Рановесие света дневных и ночных звезд
Шрифт:
И если Отматфеян захочет писать стихи, то пусть он в прозрачную сонетную форму вставит какую-нибудь парашу, пусть форма не соответствует содержанию, пусть форма гладит по головке, а содержание режет слух. Может быть, хоть тогда от этой дисгармонии закружится голова, и мир бросит стоять на ушах, и все встанет на свое место, и любовь будет любовью, и не нужен будет дополнительный допинг, не нужен будет следующий вернисаж, и следующий синяк, чтобы под звуки марша объясняться в любви. Есть одна загадка: кто ее разгадает, того она и разбудит, а кто ее не разбудит, того она не разгадает. Она покоя не дает, эта загадка: как спящая красавица узнает, что ТОТ есть именно тот? что будет: у ТОГО? какое-то особенное дыхание или какой-то особенный запах, что будет такого особенного в эпителиях губ, что она проснется от его поцелуя? Она проснется от а поцелуя и тем самым она даст ЕМУ понять, что он именно тот, или он разбудит ее поцелуем и тем самым даст ЕЙ понять, что он именно тот. Есть ли здесь дистанция между проснется и разбудит, как между молнией и громом, светом и звуком, взглядом и словом. Что сначала - молния, свет и взгляд, а потом гром, звук и слово? или только в этой области - ответной страсти - бывает одновременность, когда молния равна грому, свет - звуку, взгляд - слову. И это не она проснется, и не он ее разбудит, потому что нет пассива и актива, нет разрыва между разными качествами: взглядом и словом, нет дистанции между образом и отражением образа. Тогда почему же есть дистанция
– Иди есть, - Сана позвала Отматфеяна, и шкаф сдвинулся с места, гора пошла, поперла прямо в проем двери и размозжила косяк, она встала посреди кухни, гора, вывалила все свои полезные ископаемые на пол: галстуки и ботинки, эти удавки и колеса, пустив пыль в глаза с вершины, где вместо снега лежала пыль, полетели вместе с пылью мелкие предметы - камушки, дыроколы и карандаши. Надо остановиться, не надо доводить шкаф до того, чтобы из него брызнула лава, чтобы в этой лаве, как в янтаре, остались припечатанными к полу: ложки и стулья, мошки, люди и тарелки, а потом бы все сверху занесло пеплом, его хватит на целую Помпею в пепельнице, столько выкурить за день! Красивое украшение, комната, запечатанная в янтарь, а вон мы там сидим, с краешка; продеть ниточку и носить этот булыжник на груди.

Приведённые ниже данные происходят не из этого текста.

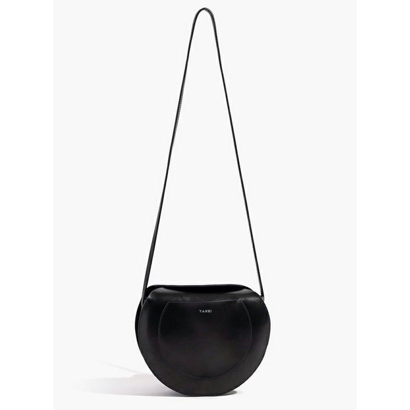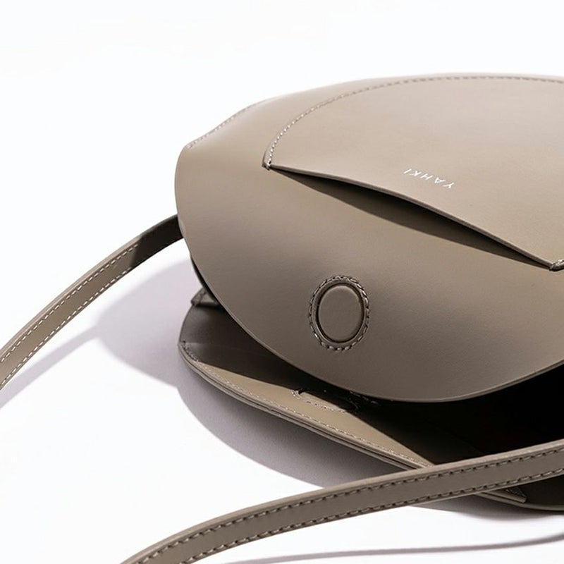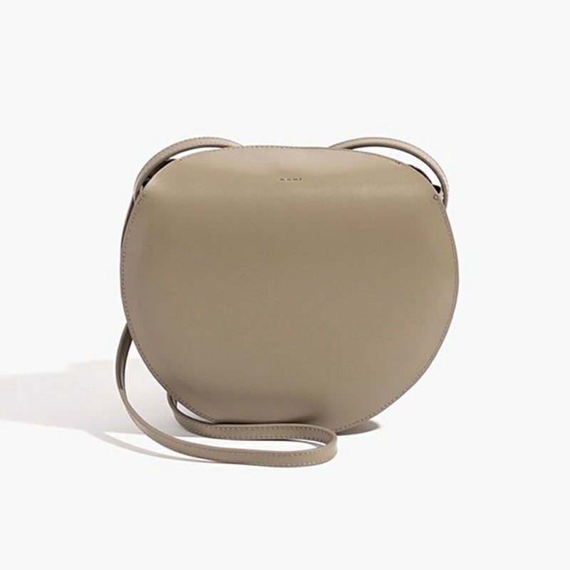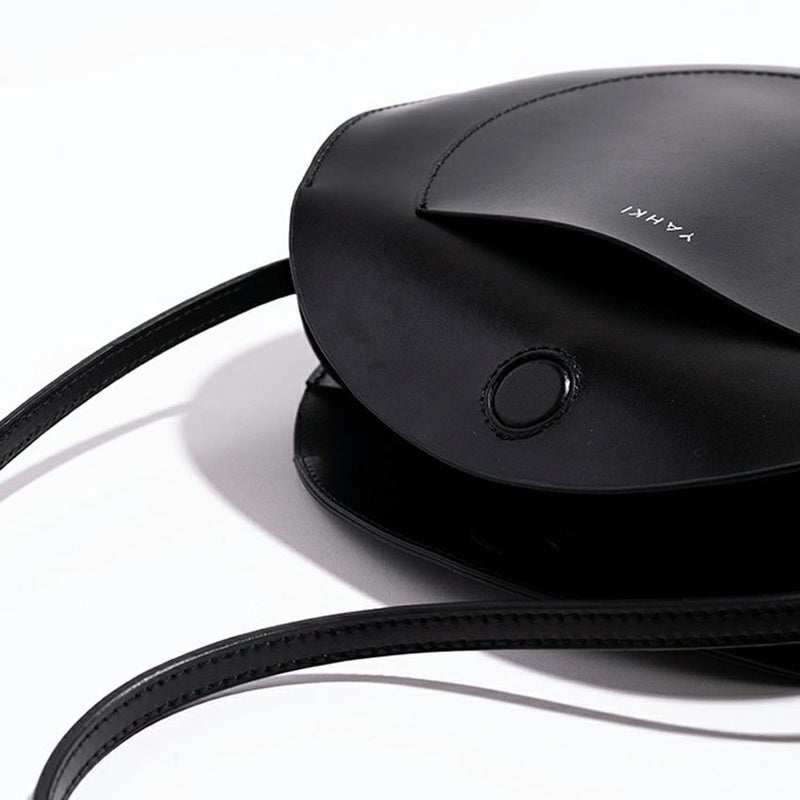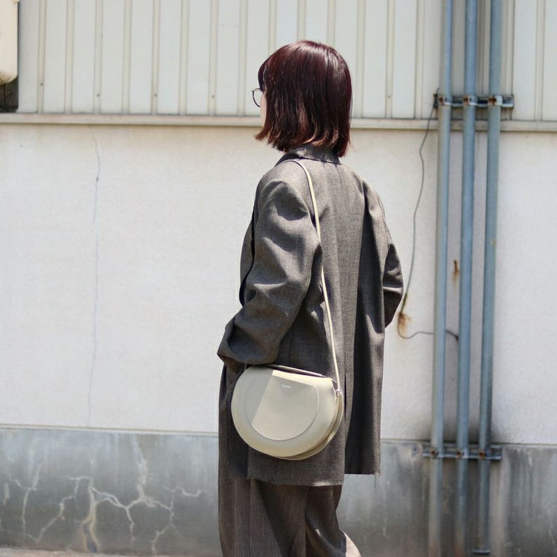 W FACEレザーの円がモチーフのクロスボディバッグ。
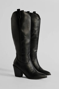 Flaunt your style in western sleek knee-high block heel boots. With a stacked heel, pointed toe, and pull tabs, these boots are your go-to for a chic, confident stride.
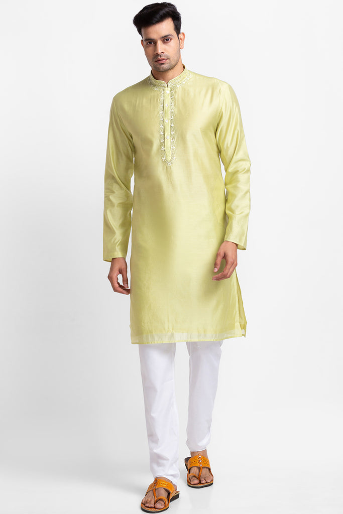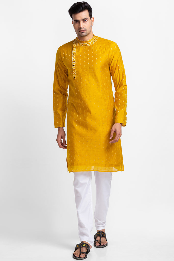 Yellow Chanderi Kurta with Churidar
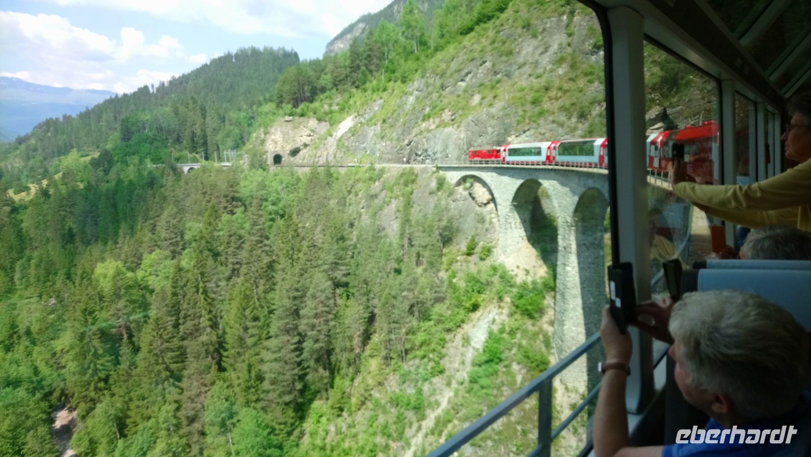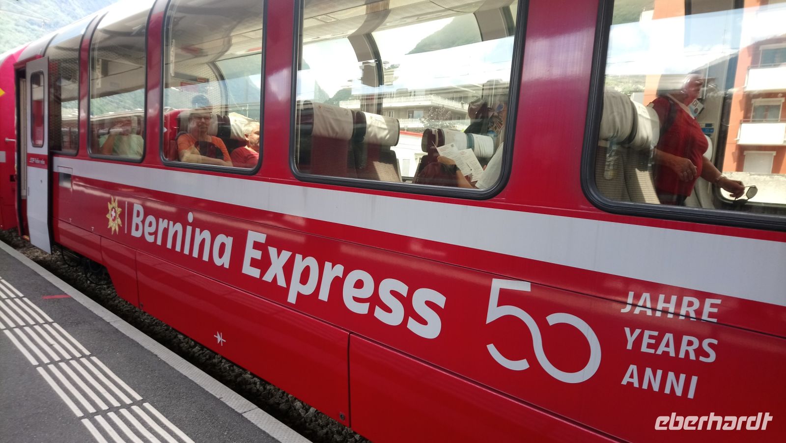 Im Bernina–Express zwischen dem italienischen Tirano und Pontresina unterwegs
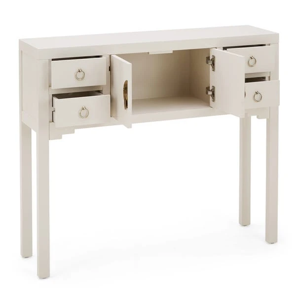 Featuring a beautiful Chinese and Japanese inspired design, the Hanna range offer a versatile storage solution that will add a unique touch to your home. Designed in a beautiful oyster finish colourway and a contrasting distressed gold detailing, this exquisite range features authentic oriental handles with a loose pin lock mechanism, perfect to glam any room.

– Все, давай прощаться, - сказал Отматфеян Чящяжышыну.
– Мы же не решили, - возразил Чящяжышын. У него есть время, чтобы возражать, он накопил его за всю жизнь в консервных банках и теперь просаживает здесь, на кухне.
– Остальное завтра.
– Отматфеян не накопил время, он его давно просадил, хотя у него есть немного времени сейчас, но только так, чтобы сейчас посидеть, и он не собирается тратить на это время, чтобы с Чящяжышыным посидеть.
А Чящяжышын не хочет сейчас ехать, он хочет так посидеть, чтобы потом уже никуда не ехать, здесь где-нибудь и залечь, но здесь совсем нет места, и каждый метр расписан, и под кроватью нет места, и на стуле, а на раскладушке? Ее мы давно отпустили на заработки, тем более что курица сама себя съела, пока варилась. Чящяжышын обиделся. А может, мы тоже обиделись. Тогда нужно всем вместе обидеться на то, что зимой день короткий. Теперь Чящяжышын будет в дверной глазок смотреть, с той стороны, с лестницы, вместе с таксистом, со слесарем, они покурят на лестнице и посмотрят, им будет не скучно.

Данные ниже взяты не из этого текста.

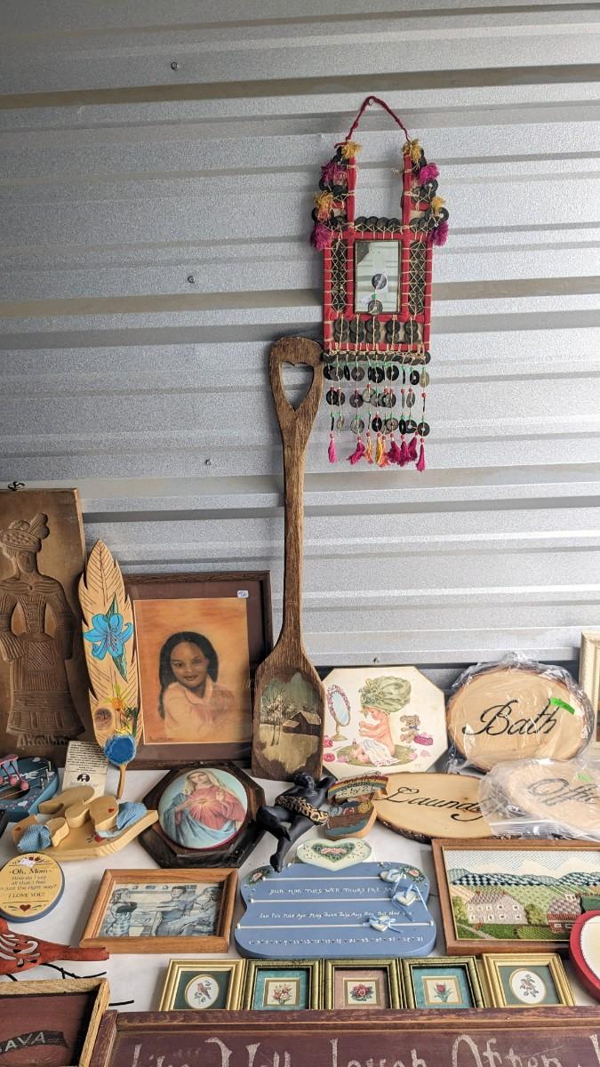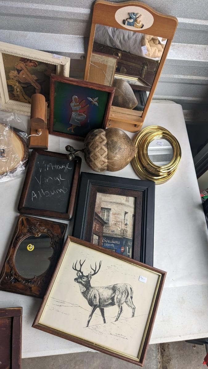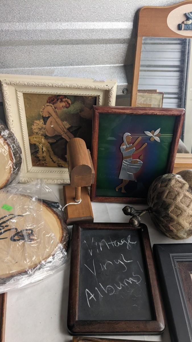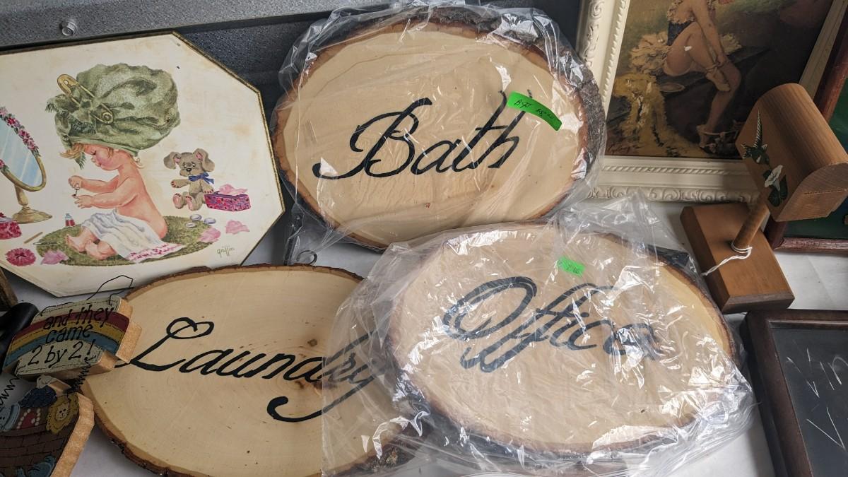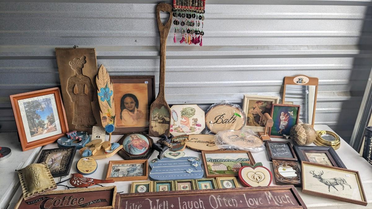 a lovely assortment of folk art type signs, framed art, and more! All in good useable condition and some fun stuff in here! No shipping. 2616
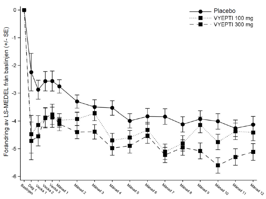 Studien visade att behandling med Vyepti medförde en genomsnittlig minskning av antalet månatliga migrändagar (MMD) under vecka 1–12: -4,8 i Vyepti 100 mg-gruppen och -5,3 i Vyepti 300 mg-gruppen jämfört med -2,1 i placebogruppen, motsvarande en skillnad från placebo på -2,7 dagar (95 % KI: -3,4 till -2,0) respektive -3,2 dagar (95 % KI: -3,9 till -2,5).
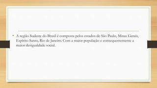 A região Sudeste do Brasil é composta por quatro estados e possui a maior população e economia do país. Sua economia diversificada se desenvolveu a partir da agricultura de café e da industrialização no século XX. A região contém grandes centros urbanos, desigualdade social, relevo variado e vegetação original de Mata Atlântica.
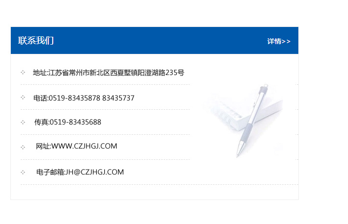 地址:常州市新北區友邦商務大廈1幢16、17層  電話:0519-85101652  傳真:0519-85112595  郵編:213022  網址:www_cz-jiayue_cn.chenshuochuangtou.com  郵箱:xiajifengaa@163.com
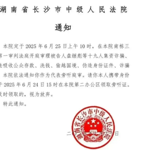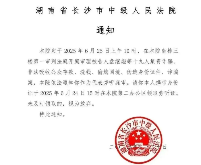 湖南省长沙市中级人民法院将于2025年6月25日开庭审理盘继彪等19人集资诈骗、非法吸收公众存款、洗钱、偷越国境、伪造身份证件、诈骗案。
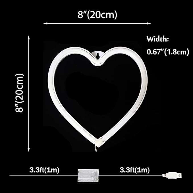 Heart Neon Lights Christmas Decorations, Love Shaped Lamp USB/Battery Operated Night Lights for Gift, Bedroom, Wall, Festival, Party, Valentine’s Day Decor-Heart(White)
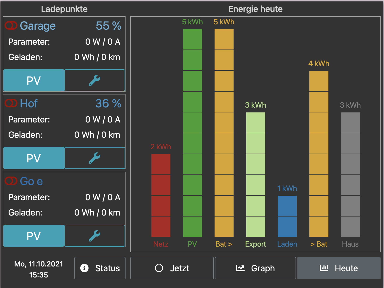 Es gibt ja 3 Themen zur Auswahl, die soweit auch viele Informationen widerspiegeln. Wäre es auch möglich, ein Theme anzuzeigen, welches z.B. Tageserträge (PV/Imp/Exp) und Verbraucher anzeigt, die man dann auch manuell schalten kann.
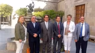 La formación jeltzale ha sido invitada por el grupo parlamentario de CiU en la Cámara Alta a visitar el Palau de la Generalitat. La jornada ha comenzado con la salutación y bienvenida al grupo jeltzale por parte de la presidenta del Parlament de Catalunya, Núria de Gispert, que ha estado acompañada por el vicepresident segundo, Lluís Maria Corominas.
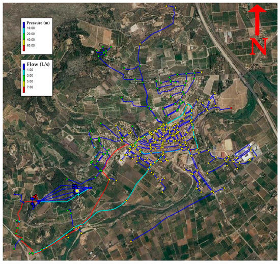 Figure 3. Town water pressurized network. - Pump ATURIAXRN6B (eight impellers). The curves of the pumps that show the head and pump efficiency variation with flow rates are depicted in Equations (3) and (4):

Даже без шума, который утих к ночи, без света, кроме света мелких звезд, они далеко от нас, бесполезный свет, зато свет от снега, совершенно особый свет, идет - снизу вверх, от него падает свет на деревья, на птиц, которые легли спать в темноте, им не нужен свет, они получат его завтра от солнца, которое ближе к земле, полезный свет. Долгожданная минута. Про нее нечего сказать, кроме того, что она пошла. И мы пошли вместе с ней. Можно было бы полететь, можно было бы поплыть навстречу друг другу, но эти святые качества: плыть и лететь - наложились друг на друга, и образовалась походка. Что такое допинг? вот интересно, Онегин так сразу и полюбил Таню или просто выпил? "у нас есть что-нибудь выпить?" - "только дистиллированная вода". Значит, мы, без чешуи, без шкуры и оперенья в собственной коже, не подплывая, не подлетая, должны подойти друг к другу.
Страшно. И не потому, что за это вышка, кто нас за это сможет наказать больше, чем мы сами себя накажем? Хотя бы закурить. Если не перышки, то хотя бы дым; как два облака, которые бесконечно сливаются в небе, бесплотные, нет, еще не известно, что там у них внутри, у облаков; все-таки нашли выход сделали два шага навстречу друг другу, прикрытые облаками. Но дым есть - и нет, и его нет, опять ясная погода. Мы хотим так подойти друг к другу, чтобы больше уже не хотеть подойти, то есть знать, что значит "подойти". Что же мы делаем друг с другом! Вместо того, чтобы обняться, мы убиваем в себе желание обняться, мы стоим на месте и расчленяем эту бедную ласку, чтобы она уже больше никогда не проснулась в нас, мы прибиваем ее к полу, мы с ума сходим по ней, но еще минута, и она должна околеть, и тогда мы подойдем и обнимемся, без всякого желания делать это, мы сделаем это; нет, она еще трепыхается в нас, эта ласточка, беззащитное влечение в каждом из нас, и мы, как два пня, стоим на месте, не делая шага навстречу друг другу, чтобы прижаться друг к другу, и это очень страшно - так стоять на расстоянии одного метра. Все-таки мы дотронулись друг до друга, так и не поняв, куда делась эта ласточка, в какую дыру она забилась от нас, двух уродов, которые чуть не прибили ее, она попискивает где-то внутри, мы ее не слышим.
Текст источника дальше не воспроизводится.